Our party numbered from twenty to thirty ladies and gentlemen. Many were officers of the Camerons, and there were a few travellers who were staying in Peking. We went under the convoy of a member of the Legation staff. Most of us were in rickshas, a few in carriages, and some in a motor. Yes—a motor in Peking in 1908 ! There are, I think, two motors kept for hire by an enterprising foreigner. The new roads in the city and the Imperial Road to the Summer Palace make the use of the motor possible, but it is restricted to these. We entered the Imperial City by the gate on the western part of the southern wall, and our way took us along outside the wall of the Forbidden City for some distance. This inmost wall of all is of coarse red, and of con siderable height and thickness, with battlements and at intervals watch-towers. At each corner these have the appearance of pavilions, with beautiful roofs in several tiers and the Imperial yellow tiles, which are also used on the tops of the walls ; under the wall is a white fosse, or ditch, full of water. We then turned to the left ; and passing through a gate with sentries into a large open space, still outside the Forbidden City, we crossed this and went within the sacred precincts at a point between the palace building and Prospect (or Coal) Hill, which is an eminence on the north, with various yellow-tiled pavilions or temples, from which extensive views of the city may be obtained. To this hill, however, we were

not admitted. We now came to an inner gate, at which we dismounted from our various conveyances and gathered together, ready to be received by the high officials detailed by the Wai-wu-pu for that purpose. Soon they appeared from inside the gates, in full dress according to their rank ; and picturesque they looked, as they stood in this gateway in their many coloured robes, showing beautiful embroidery—to denote their rank—on their breasts and backs, their high satin boots, and plumed hats with the peacock-feather sticking out be hind. They were quite in keeping with their setting ; and it was we prosaic-looking modern-clad foreigners who were the wrong note in the picture. After we had all been presented, they led the way within.

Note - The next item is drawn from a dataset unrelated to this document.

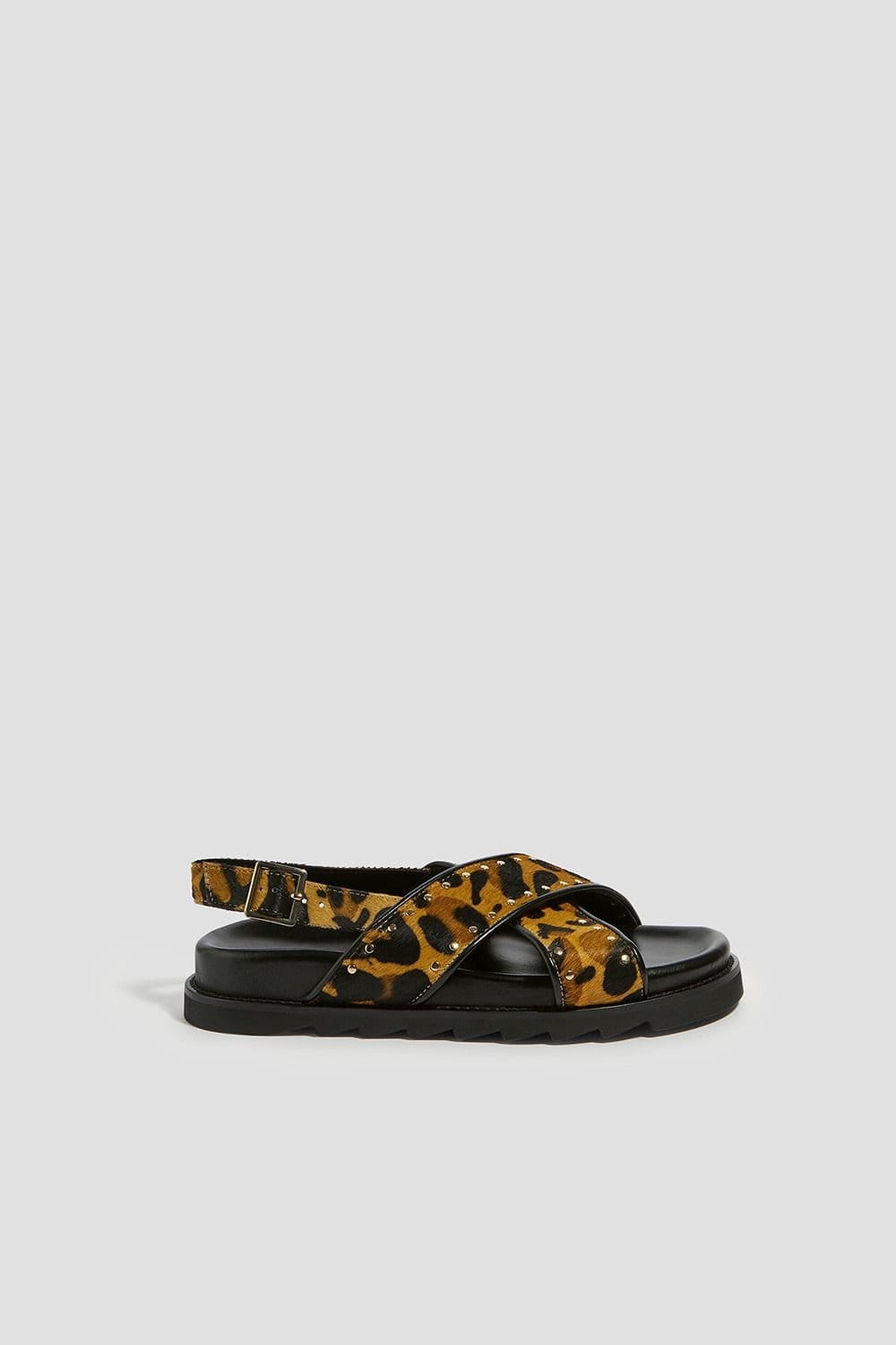 The Monsoon Leopard Print Sandals Natural is made from leather, rubber.

The whole place, though showing signs of age, is in fairly good order. I was told much money has been spent on repairs since 19oo. The buildings are of the same form as the temples ; indeed it is hard to tell which is temple and which is audience-hall or residential building, though perhaps the wooden lattice-work windows are more in evidence at the latter, some of which have glass, but more often thin paper, inside the lattice-work. The woodwork is very good, and in many designs.

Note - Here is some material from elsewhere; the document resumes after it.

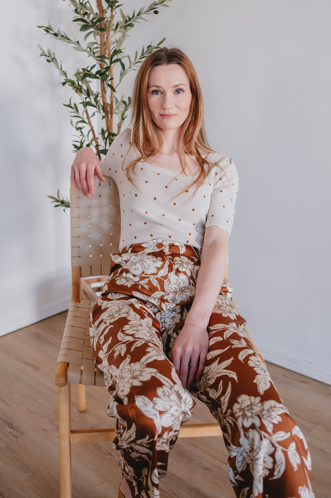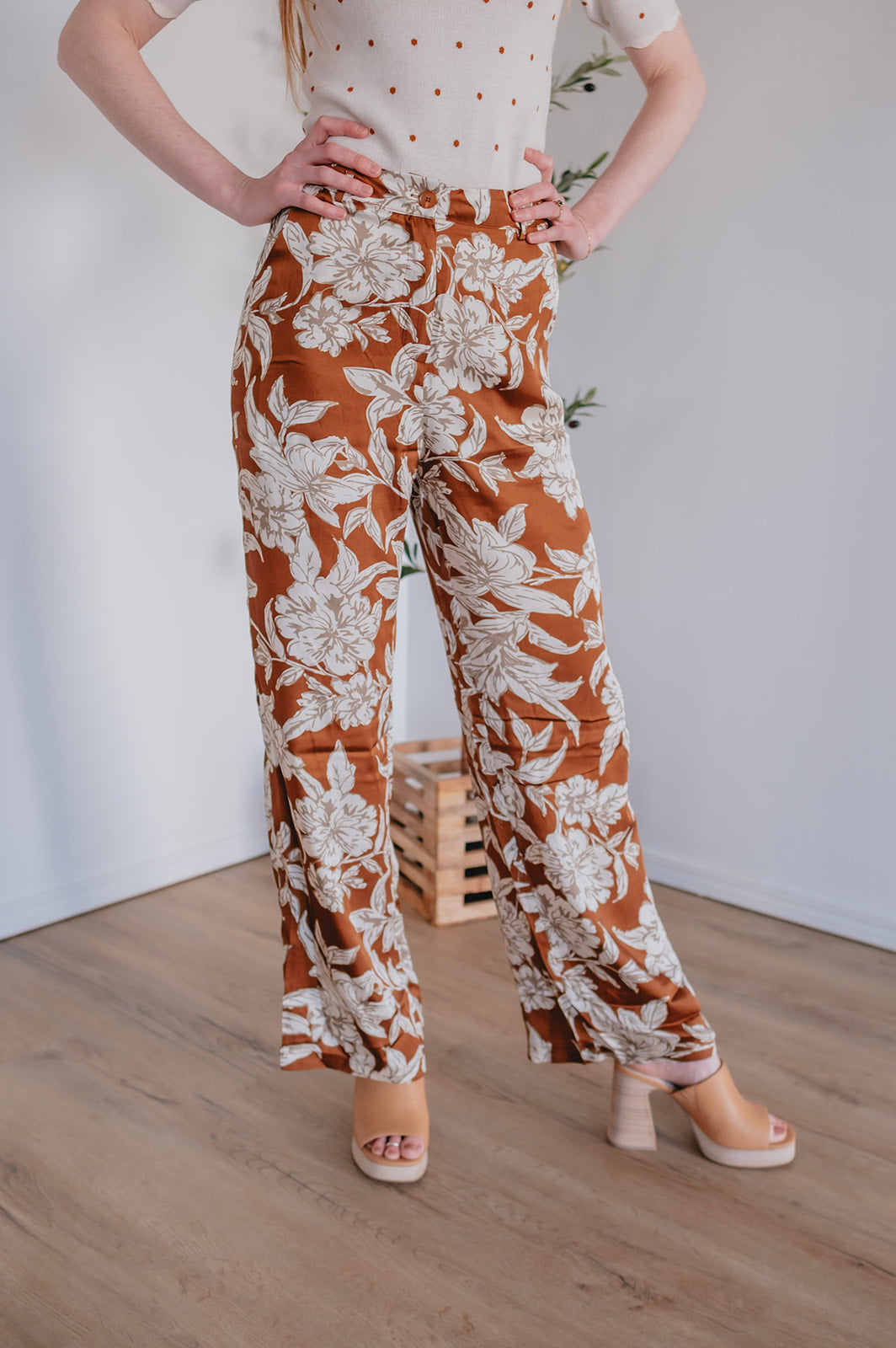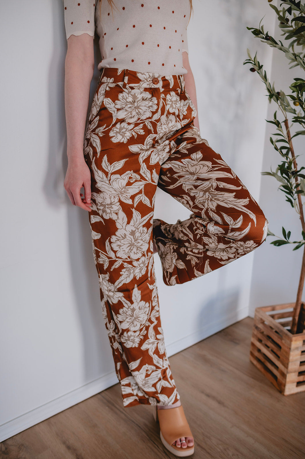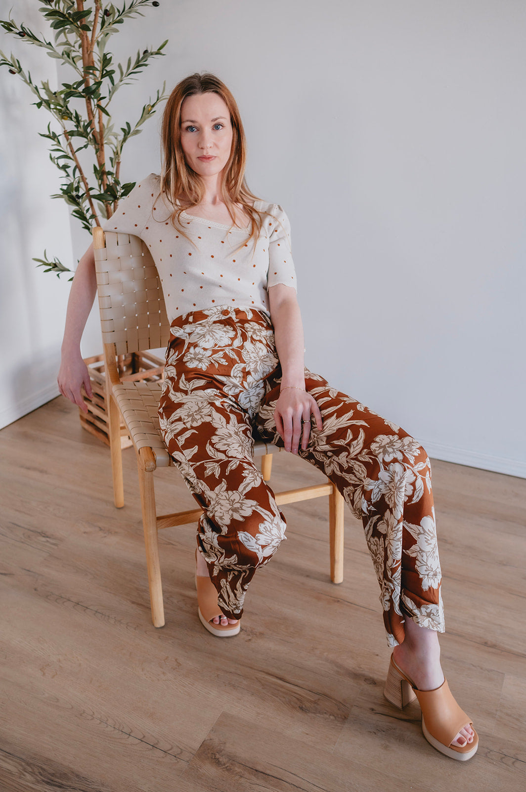 A perfect pair of floral pants. Not too dressy, yet not too basic. Wear it dressed up or down, the Angelia Trousers will be in rotation again and again. A soft + slinky satin material.

In Europe we think of a palace as a very large and extensive building, but it is not so in China. The Chinese palace consists of numerous groups of buildings, impressive rather from their designs and places than from the size. Another feature is the vastness of the courtyards in which they are placed.

As in Rome, St. Peter's always appeared to me to be most impressive and greatest when approached from the immense square in front, so do the Chinese palaces and temples gain in the same way.